**Work to be completed:**
Return the listing verbatim, images left out.
----- Information supplied -----
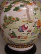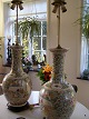 Et par store bordlamper på stand af træ, bemalet med figurer, H: 58cm. der er desværre en brændingsfejl som det fremgår af billeder
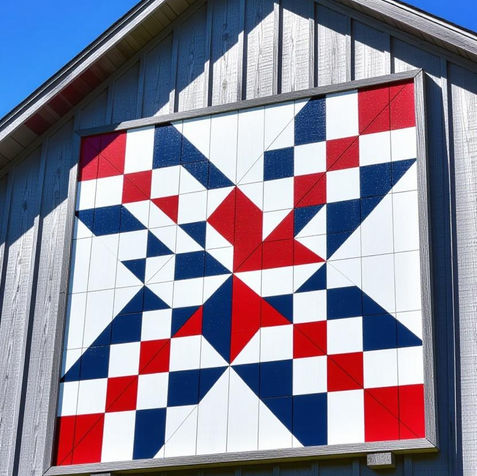 Discover our unique Drevo Design barn quilt patterns available for order or purchase. We provide potential clients with a wide selection of designs to choose from, each crafted using mostly repurposed lumber and wood and each piece cut stained/painted and fastened to a plywood base. Sizes offered range from 3' x 3' to 8' x 8'.
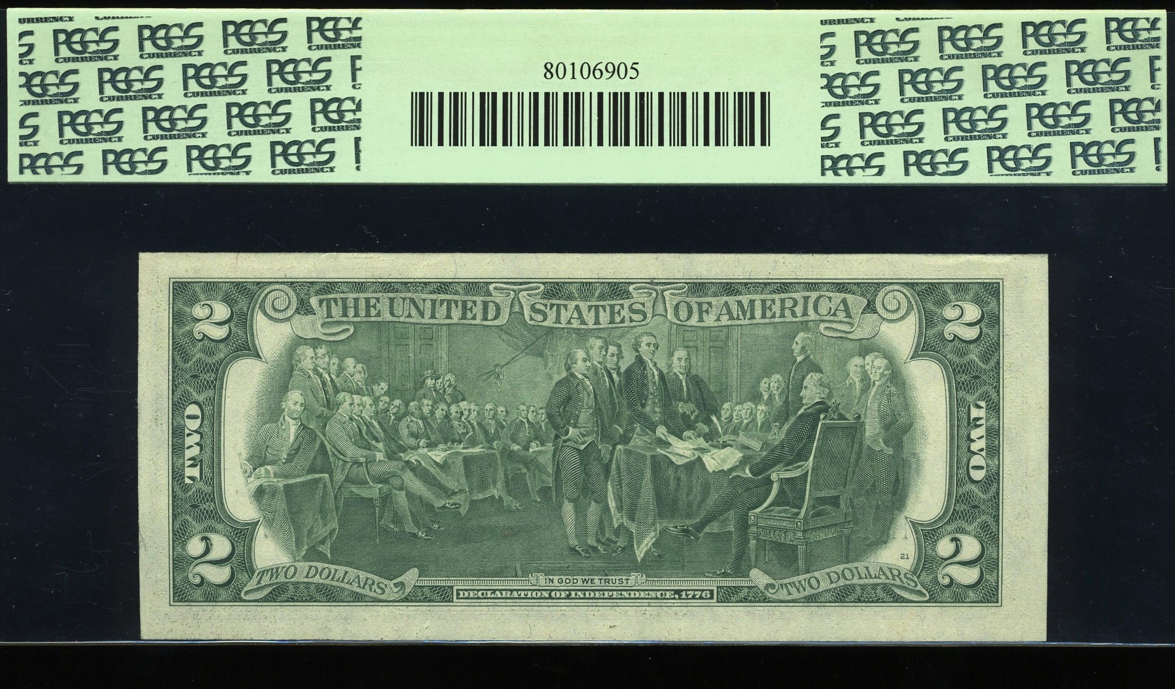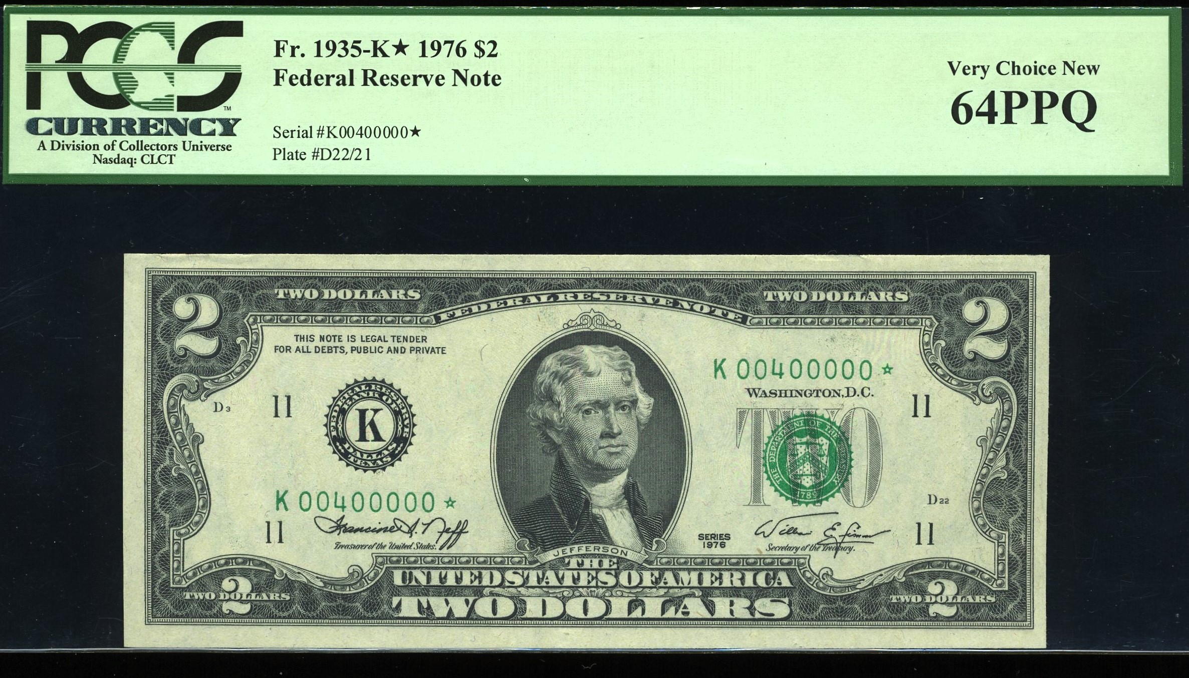 A tough and highly desirable 1976 Series $2 STAR note from the Dallas District, carrying the standout low serial K00400000*. This is the coveted “four‑hundred‑thousand star” position — a number that rarely surfaces, especially in premium third‑party holders. Certified PCGS 63PPQ Choice Uncirculated, this note shows premium paper quality, strong embossing, and respectable centering for the issue. It was the final note in its original pack, giving it the crisp, untouched look collectors expect from early‑run Bicentennial deuces. With seven leading zeros and a clean single‑digit finish, this serial has the visual punch and rarity profile that fancy‑number specialist’s chase.
-----
**Written response:**
 Et par store bordlamper på stand af træ, bemalet med figurer, H: 58cm. der er desværre en brændingsfejl som det fremgår af billeder
 Discover our unique Drevo Design barn quilt patterns available for order or purchase. We provide potential clients with a wide selection of designs to choose from, each crafted using mostly repurposed lumber and wood and each piece cut stained/painted and fastened to a plywood base. Sizes offered range from 3' x 3' to 8' x 8'.
 A tough and highly desirable 1976 Series $2 STAR note from the Dallas District, carrying the standout low serial K00400000*. This is the coveted “four‑hundred‑thousand star” position — a number that rarely surfaces, especially in premium third‑party holders. Certified PCGS 63PPQ Choice Uncirculated, this note shows premium paper quality, strong embossing, and respectable centering for the issue. It was the final note in its original pack, giving it the crisp, untouched look collectors expect from early‑run Bicentennial deuces. With seven leading zeros and a clean single‑digit finish, this serial has the visual punch and rarity profile that fancy‑number specialist’s chase.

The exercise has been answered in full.